▶ ABOUT THIS EXERCISE
Below are records to transcribe in full and unchanged; omit every picture.
[RECORDS FOR THE EXERCISE Boundary: Start]
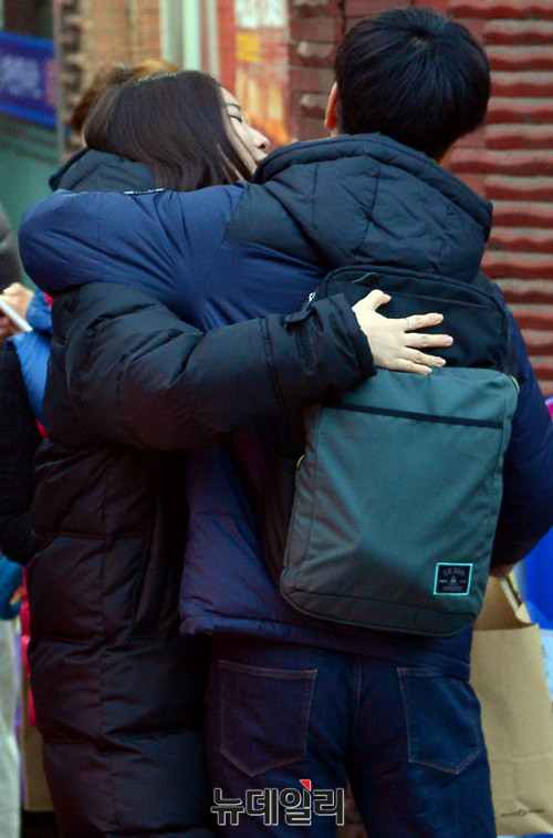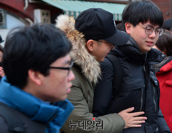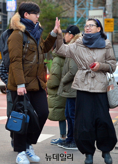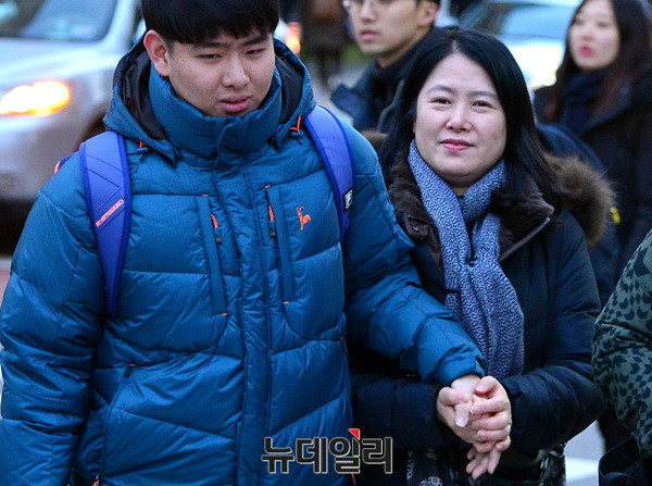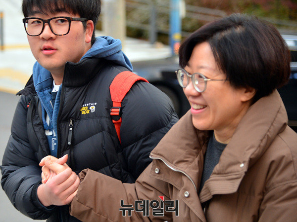 한 수험생이 23일 오전 서울 서초고등학교(제 18시험지구 11시험장)에 입실하기 전 엄마의 배웅을 받고 있다.
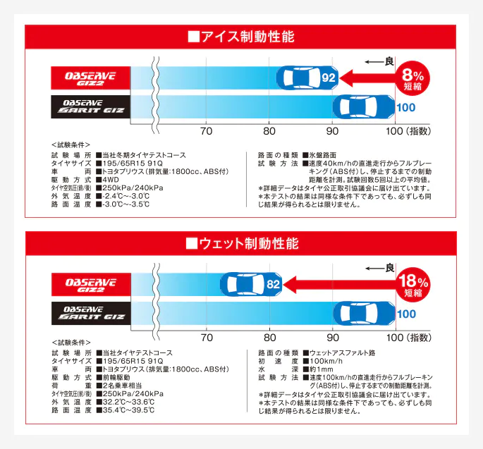 非対称パターンや新コンパウンドが、ロングライフの効きを実現!
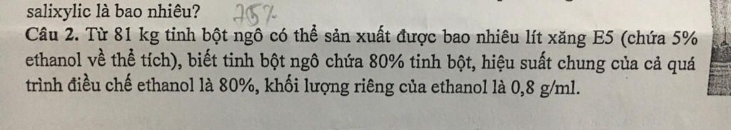 Theo tỉ lệ phản ứng, cứ $162$ gam tinh bột tạo ra $46.2=92$ gam ethanol
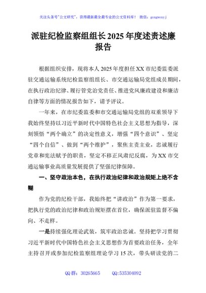 / 派驻纪检监察组组长2025年度述责述廉报告
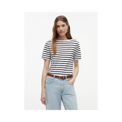 Tommy Hilfiger women's T-shirt. Our tee is made from lightweight cotton interlock with a smooth, two-sided construction that is durable and exceptionally soft. Gold-tone shoulder buttons and metallic embroidery at the chest add an elevated finish.
[RECORDS FOR THE EXERCISE Boundary: End]
▶ PROBLEM SOLUTION
 한 수험생이 23일 오전 서울 서초고등학교(제 18시험지구 11시험장)에 입실하기 전 엄마의 배웅을 받고 있다.
 非対称パターンや新コンパウンドが、ロングライフの効きを実現!
 Theo tỉ lệ phản ứng, cứ $162$ gam tinh bột tạo ra $46.2=92$ gam ethanol
 / 派驻纪检监察组组长2025年度述责述廉报告
 Tommy Hilfiger women's T-shirt. Our tee is made from lightweight cotton interlock with a smooth, two-sided construction that is durable and exceptionally soft. Gold-tone shoulder buttons and metallic embroidery at the chest add an elevated finish.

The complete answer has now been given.